**Dataset records**
+-------+

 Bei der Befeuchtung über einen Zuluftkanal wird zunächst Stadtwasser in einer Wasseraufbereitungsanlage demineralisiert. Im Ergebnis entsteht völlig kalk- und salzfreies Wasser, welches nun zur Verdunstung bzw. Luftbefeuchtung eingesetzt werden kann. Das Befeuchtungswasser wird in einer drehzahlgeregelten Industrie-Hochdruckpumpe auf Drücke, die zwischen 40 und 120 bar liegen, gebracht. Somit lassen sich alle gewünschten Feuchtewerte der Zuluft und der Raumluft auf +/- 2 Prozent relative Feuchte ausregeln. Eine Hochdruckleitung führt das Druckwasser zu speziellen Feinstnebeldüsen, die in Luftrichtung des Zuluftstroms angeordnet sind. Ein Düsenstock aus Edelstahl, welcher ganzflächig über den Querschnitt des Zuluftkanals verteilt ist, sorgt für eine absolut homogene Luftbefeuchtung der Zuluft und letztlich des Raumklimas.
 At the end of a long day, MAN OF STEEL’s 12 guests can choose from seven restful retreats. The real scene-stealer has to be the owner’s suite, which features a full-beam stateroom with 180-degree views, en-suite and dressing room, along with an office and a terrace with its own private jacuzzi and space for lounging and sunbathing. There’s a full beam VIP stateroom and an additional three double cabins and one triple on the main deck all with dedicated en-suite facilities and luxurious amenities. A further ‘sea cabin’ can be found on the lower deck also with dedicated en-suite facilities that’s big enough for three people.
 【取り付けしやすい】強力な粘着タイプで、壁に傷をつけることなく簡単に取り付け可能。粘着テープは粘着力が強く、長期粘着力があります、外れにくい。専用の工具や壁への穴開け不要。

+-------+

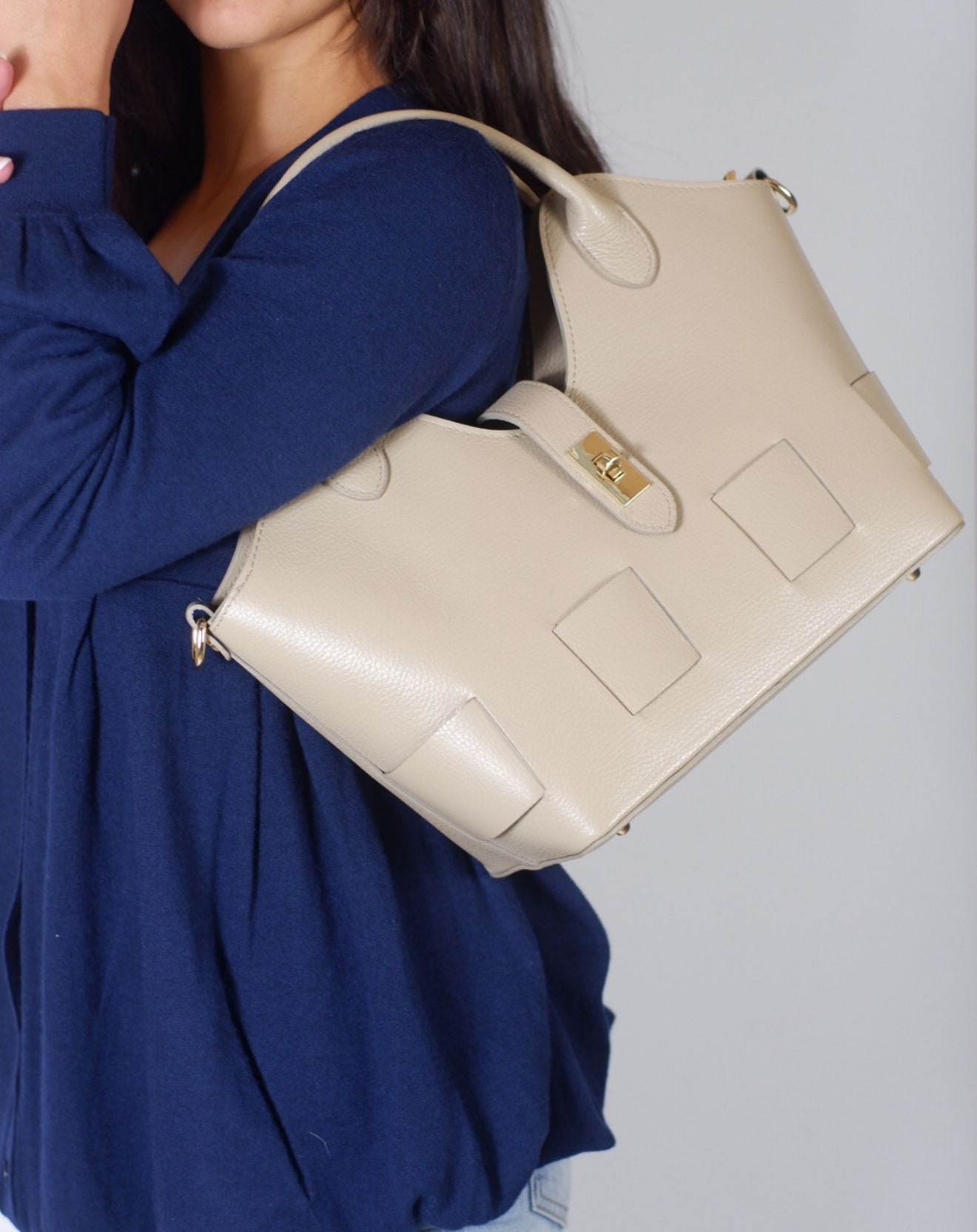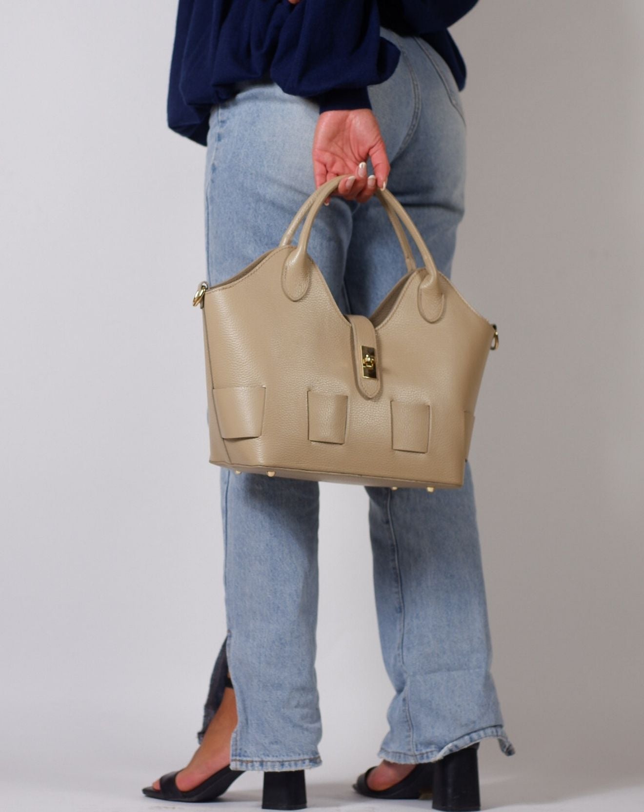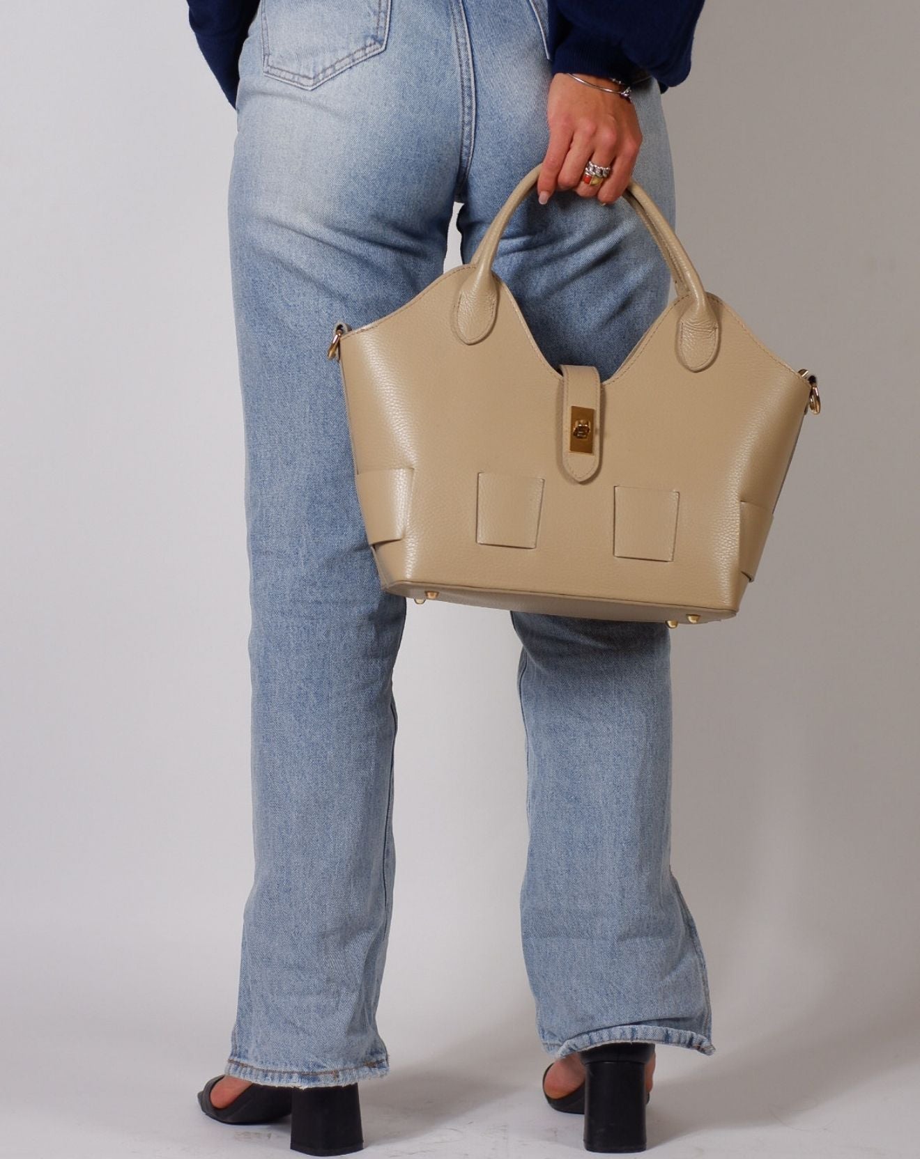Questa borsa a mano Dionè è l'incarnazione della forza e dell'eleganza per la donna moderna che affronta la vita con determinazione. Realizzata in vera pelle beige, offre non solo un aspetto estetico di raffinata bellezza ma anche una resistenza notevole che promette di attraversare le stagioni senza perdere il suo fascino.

+-------+

Starting at the line with "Bei der Befeuchtung" and ending at the line with "At the end of", print each line of the listing above exactly, with no other lines.

**Task solution**
 Bei der Befeuchtung über einen Zuluftkanal wird zunächst Stadtwasser in einer Wasseraufbereitungsanlage demineralisiert. Im Ergebnis entsteht völlig kalk- und salzfreies Wasser, welches nun zur Verdunstung bzw. Luftbefeuchtung eingesetzt werden kann. Das Befeuchtungswasser wird in einer drehzahlgeregelten Industrie-Hochdruckpumpe auf Drücke, die zwischen 40 und 120 bar liegen, gebracht. Somit lassen sich alle gewünschten Feuchtewerte der Zuluft und der Raumluft auf +/- 2 Prozent relative Feuchte ausregeln. Eine Hochdruckleitung führt das Druckwasser zu speziellen Feinstnebeldüsen, die in Luftrichtung des Zuluftstroms angeordnet sind. Ein Düsenstock aus Edelstahl, welcher ganzflächig über den Querschnitt des Zuluftkanals verteilt ist, sorgt für eine absolut homogene Luftbefeuchtung der Zuluft und letztlich des Raumklimas.
 At the end of a long day, MAN OF STEEL’s 12 guests can choose from seven restful retreats. The real scene-stealer has to be the owner’s suite, which features a full-beam stateroom with 180-degree views, en-suite and dressing room, along with an office and a terrace with its own private jacuzzi and space for lounging and sunbathing. There’s a full beam VIP stateroom and an additional three double cabins and one triple on the main deck all with dedicated en-suite facilities and luxurious amenities. A further ‘sea cabin’ can be found on the lower deck also with dedicated en-suite facilities that’s big enough for three people.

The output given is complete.